Unworthy daughters betrayed unworthy fathers. Where was the joke in that?
“What, Jessica? Why, Jessica, I say?”
He would never forget his last words to her. Do as I bid you. Shut all doors after you. Don’t thrust your head into the street.
Was that really so much to ask?
He knew he should not have left his house. He could go on blaming her through all eternity, but he should have stayed home. There was some ill towards him brewing. He’d smelt it.
What news on the Rialto?
Why so jumpy? And if so jumpy, why go out?
I am right loath to go . Then don’t.
Drawn to danger, like a cat, he went anyway, to eat a supper he didn’t relish, in company he hated. There was, though, more than one kind of dining. Admit it, admit it to yourself, you went for the pure malicious fun of it, to dine on Christians. To feed, like a cannibal, your ancient grudge.
And while you were out…
And while he was out they fed on him.
Who, as a matter of dramatic interest, hated whom the more?

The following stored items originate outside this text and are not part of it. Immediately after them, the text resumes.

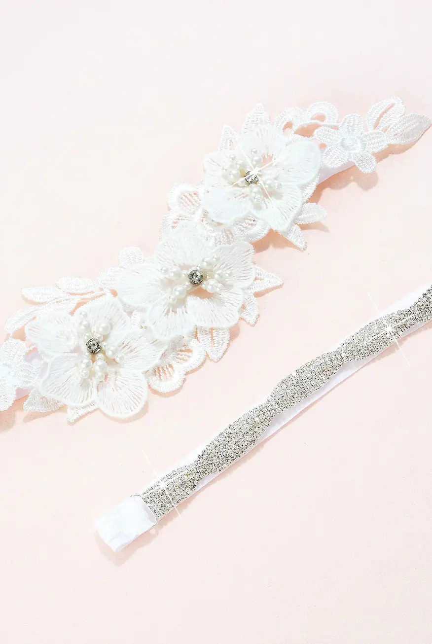 Fleur Crystal and Lace Garter Set White F27-C17 - Heirloom Bridal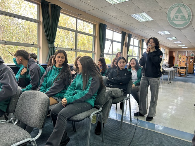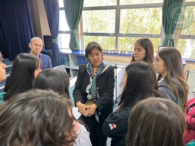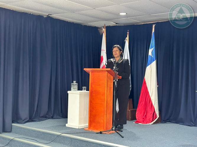 Un conversatorio con estudiantes de enseñanza media del Osorno College realizó esta mañana la Gran Maestra de la Gran Logia Femenina de Chile (GLFCh), María Andrea Villalobos, en un ameno encuentro que tuvo como eje central el rol de la mujer en la sociedad actual, la relevancia del pensamiento crítico y los valores éticos en la formación ciudadana.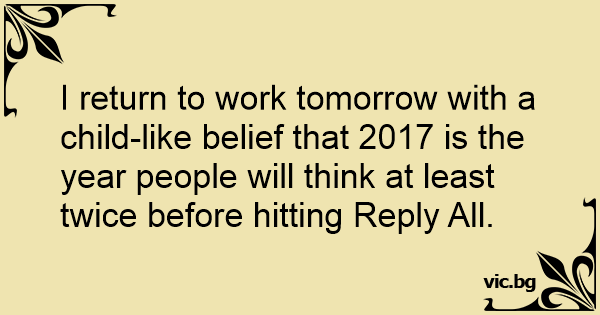 I return to work tomorrow with a child-like belief that 2017 is the year people will think at least twice before hitting Reply All.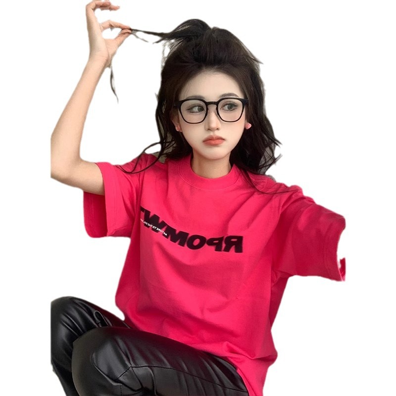 日系火龙果色短袖女夏季新款宽松纯棉半袖t恤oversize潮牌上衣ins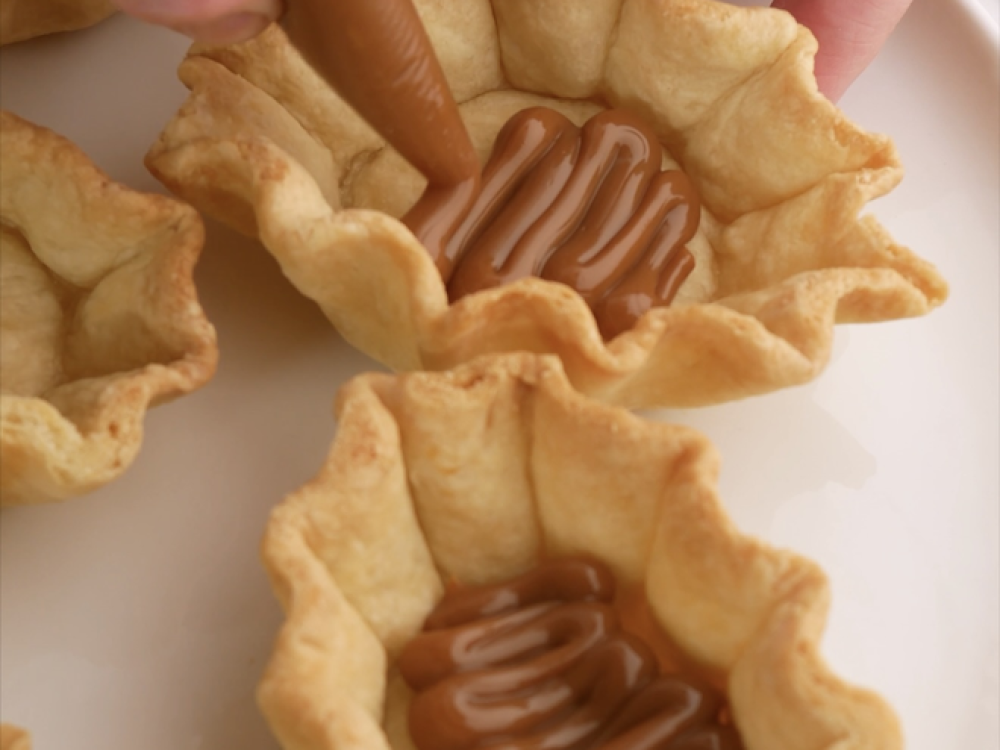 Остывшие песочные основы заполняем вареной сгущёнкой (150 г), укладываем сверху несколько кружков свежего банана (100 г).

Not a wafer’s thickness between them—
You called me dog…
I am as like to call thee so again…
But since I am a dog, beware my fangs…
They couldn’t tear themselves apart from each other. A bond of mutual fascination. The magnetic force of indurated revulsion. Money the pretext. This one lent at interest; that one would do no such thing — although I neither lend nor borrow by taking nor by giving of excess, yet on this occasion — for someone else, a person dear to me — I will break my custom. Called having your cake and eating it, Shylock thought, remembering the fathomless impertinence of Antonio’s “yet.” As though he were doing Shylock a favour by asking. O father Abram, what these Christians are!
But if money was the battlefield on which they fought their ancient grudges, it was not the origin of their war.
Who, as a matter of historical interest, hated whom the more? A chicken-and-egg question. Attend that word “ancient.” The villainy each saw in the other — the proud exclusiveness on this side, the proud pretence of loving kindness on that — pre-dated the rise of capitalism and usury. What movement of men and ideas, you might ask, didn’t it pre-date? The divisive words of Paul the Apostle, maybe. Before Paul, peace. But then before Paul there were no Christians for Jews to hate or be hated by.